[Problem details]:
In the entries below, count the lines holding "create". Reply with the number only.

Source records
--- START ---
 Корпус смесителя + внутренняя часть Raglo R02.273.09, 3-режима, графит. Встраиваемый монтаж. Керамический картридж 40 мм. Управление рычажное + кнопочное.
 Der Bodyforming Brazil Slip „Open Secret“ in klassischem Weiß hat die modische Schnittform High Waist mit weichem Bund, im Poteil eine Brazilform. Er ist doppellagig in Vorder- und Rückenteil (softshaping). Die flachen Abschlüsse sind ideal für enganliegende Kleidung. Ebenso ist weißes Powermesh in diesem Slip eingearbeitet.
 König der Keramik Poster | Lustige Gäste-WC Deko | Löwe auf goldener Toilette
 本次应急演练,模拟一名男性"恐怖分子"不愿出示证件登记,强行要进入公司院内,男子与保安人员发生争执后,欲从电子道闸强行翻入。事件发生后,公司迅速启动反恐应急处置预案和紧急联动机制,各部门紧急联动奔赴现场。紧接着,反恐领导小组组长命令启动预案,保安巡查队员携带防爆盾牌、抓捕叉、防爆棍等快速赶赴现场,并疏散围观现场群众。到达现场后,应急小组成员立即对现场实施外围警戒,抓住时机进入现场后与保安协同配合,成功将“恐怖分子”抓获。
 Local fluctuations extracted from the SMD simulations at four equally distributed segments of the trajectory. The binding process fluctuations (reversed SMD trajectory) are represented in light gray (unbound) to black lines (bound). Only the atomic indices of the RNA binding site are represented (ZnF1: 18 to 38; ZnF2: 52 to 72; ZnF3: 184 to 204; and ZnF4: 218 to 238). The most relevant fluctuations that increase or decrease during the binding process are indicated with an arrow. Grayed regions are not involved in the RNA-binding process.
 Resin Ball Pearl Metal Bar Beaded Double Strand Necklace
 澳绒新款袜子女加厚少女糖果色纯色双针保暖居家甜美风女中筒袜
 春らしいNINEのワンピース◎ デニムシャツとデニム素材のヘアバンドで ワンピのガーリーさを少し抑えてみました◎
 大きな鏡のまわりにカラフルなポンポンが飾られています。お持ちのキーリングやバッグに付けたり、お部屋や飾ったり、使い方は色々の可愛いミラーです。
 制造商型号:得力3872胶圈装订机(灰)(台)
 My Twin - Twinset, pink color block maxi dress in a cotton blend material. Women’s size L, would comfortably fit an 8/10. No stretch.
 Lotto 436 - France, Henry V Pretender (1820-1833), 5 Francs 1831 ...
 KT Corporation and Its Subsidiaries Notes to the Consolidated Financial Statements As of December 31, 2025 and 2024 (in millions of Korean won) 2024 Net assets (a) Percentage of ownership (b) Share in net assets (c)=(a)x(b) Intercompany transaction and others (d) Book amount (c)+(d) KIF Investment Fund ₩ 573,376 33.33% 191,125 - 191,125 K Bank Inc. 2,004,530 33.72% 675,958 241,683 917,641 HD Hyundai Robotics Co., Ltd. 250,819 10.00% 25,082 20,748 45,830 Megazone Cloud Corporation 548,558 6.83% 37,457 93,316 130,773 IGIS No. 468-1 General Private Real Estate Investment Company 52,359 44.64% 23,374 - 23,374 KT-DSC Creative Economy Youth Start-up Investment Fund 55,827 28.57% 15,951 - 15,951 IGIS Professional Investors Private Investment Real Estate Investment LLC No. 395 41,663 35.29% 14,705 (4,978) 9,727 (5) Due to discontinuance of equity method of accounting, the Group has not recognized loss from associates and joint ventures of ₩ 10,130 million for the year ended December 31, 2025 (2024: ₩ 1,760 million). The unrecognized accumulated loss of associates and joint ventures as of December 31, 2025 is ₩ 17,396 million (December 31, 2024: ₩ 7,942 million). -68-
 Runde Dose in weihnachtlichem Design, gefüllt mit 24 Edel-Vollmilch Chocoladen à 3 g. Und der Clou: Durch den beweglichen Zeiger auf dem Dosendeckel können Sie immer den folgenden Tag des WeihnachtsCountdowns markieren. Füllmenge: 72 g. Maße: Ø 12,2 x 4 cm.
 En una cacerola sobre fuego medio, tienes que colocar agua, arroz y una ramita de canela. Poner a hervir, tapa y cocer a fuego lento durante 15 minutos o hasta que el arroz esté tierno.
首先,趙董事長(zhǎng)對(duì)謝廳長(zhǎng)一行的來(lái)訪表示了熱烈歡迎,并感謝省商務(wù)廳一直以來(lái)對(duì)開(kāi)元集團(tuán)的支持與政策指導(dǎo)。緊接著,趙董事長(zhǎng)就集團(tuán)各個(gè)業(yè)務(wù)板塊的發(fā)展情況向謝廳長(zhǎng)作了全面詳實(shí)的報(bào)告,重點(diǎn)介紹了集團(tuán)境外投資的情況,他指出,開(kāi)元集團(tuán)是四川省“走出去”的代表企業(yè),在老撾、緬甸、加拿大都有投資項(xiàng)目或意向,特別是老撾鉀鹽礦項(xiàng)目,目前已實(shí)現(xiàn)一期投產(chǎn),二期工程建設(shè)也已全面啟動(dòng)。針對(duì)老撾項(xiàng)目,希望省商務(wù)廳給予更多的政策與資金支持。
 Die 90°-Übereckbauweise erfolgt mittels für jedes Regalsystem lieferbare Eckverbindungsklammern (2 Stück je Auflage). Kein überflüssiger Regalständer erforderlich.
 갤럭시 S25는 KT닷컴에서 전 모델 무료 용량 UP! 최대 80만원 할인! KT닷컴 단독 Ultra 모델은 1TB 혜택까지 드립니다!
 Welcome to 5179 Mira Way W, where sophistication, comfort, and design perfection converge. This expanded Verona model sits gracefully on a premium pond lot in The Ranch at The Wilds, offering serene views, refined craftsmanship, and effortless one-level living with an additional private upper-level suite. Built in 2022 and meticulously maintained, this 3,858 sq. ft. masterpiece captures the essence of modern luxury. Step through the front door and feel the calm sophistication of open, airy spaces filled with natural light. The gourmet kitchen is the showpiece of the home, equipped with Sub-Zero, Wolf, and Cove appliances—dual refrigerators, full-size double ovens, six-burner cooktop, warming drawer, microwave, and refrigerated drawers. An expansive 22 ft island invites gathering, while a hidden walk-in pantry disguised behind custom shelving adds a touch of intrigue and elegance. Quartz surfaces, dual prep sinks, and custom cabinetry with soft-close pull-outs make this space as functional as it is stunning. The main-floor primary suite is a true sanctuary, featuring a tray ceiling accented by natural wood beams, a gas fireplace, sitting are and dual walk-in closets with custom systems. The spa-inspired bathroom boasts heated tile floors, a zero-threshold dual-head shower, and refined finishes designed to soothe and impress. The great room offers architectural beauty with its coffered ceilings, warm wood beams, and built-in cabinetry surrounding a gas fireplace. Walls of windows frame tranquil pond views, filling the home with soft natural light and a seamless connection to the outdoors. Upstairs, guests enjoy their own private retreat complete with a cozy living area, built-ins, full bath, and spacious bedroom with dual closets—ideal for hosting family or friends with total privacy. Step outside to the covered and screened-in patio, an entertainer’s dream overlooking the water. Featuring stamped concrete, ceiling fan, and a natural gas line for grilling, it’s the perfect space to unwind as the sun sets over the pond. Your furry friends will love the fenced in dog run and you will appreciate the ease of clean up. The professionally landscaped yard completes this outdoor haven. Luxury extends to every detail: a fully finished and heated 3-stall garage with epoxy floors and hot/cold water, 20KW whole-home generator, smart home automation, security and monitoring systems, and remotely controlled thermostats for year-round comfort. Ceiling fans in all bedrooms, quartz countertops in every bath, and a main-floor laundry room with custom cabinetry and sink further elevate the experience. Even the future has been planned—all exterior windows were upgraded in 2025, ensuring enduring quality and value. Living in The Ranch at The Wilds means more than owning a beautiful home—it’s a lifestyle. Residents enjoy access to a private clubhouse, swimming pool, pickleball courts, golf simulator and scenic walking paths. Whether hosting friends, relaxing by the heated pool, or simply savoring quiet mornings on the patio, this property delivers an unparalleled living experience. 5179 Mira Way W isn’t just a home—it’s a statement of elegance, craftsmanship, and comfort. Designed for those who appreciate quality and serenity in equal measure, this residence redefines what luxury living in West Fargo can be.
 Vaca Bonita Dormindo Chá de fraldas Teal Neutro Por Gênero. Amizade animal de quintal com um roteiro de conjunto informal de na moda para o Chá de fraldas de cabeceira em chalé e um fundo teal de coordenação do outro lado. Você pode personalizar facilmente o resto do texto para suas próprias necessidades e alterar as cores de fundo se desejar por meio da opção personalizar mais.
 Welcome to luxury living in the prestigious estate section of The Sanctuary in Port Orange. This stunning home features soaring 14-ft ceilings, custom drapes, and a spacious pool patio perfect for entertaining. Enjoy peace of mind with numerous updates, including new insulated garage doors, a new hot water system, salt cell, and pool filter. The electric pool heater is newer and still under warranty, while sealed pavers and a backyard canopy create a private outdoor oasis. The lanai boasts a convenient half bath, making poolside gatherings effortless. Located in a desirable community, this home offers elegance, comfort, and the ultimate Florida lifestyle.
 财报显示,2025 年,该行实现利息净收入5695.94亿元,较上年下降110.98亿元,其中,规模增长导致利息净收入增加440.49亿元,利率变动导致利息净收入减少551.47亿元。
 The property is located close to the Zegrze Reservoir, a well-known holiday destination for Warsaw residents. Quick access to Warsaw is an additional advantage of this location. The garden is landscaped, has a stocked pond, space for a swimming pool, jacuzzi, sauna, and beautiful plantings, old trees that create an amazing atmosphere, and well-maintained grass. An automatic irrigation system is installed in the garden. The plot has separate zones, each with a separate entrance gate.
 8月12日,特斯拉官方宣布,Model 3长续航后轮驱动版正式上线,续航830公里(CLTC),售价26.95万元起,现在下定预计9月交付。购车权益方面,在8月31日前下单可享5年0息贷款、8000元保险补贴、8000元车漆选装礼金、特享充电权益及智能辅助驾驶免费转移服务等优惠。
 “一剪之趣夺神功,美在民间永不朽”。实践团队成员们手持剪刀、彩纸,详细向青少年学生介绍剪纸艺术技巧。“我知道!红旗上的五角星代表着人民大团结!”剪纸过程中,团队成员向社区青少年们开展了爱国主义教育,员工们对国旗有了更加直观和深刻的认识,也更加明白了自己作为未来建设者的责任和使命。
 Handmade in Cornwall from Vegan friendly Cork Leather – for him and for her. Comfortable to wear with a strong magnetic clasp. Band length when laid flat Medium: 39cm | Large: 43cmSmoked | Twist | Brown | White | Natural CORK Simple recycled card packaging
--- END ---
[Task output]:
2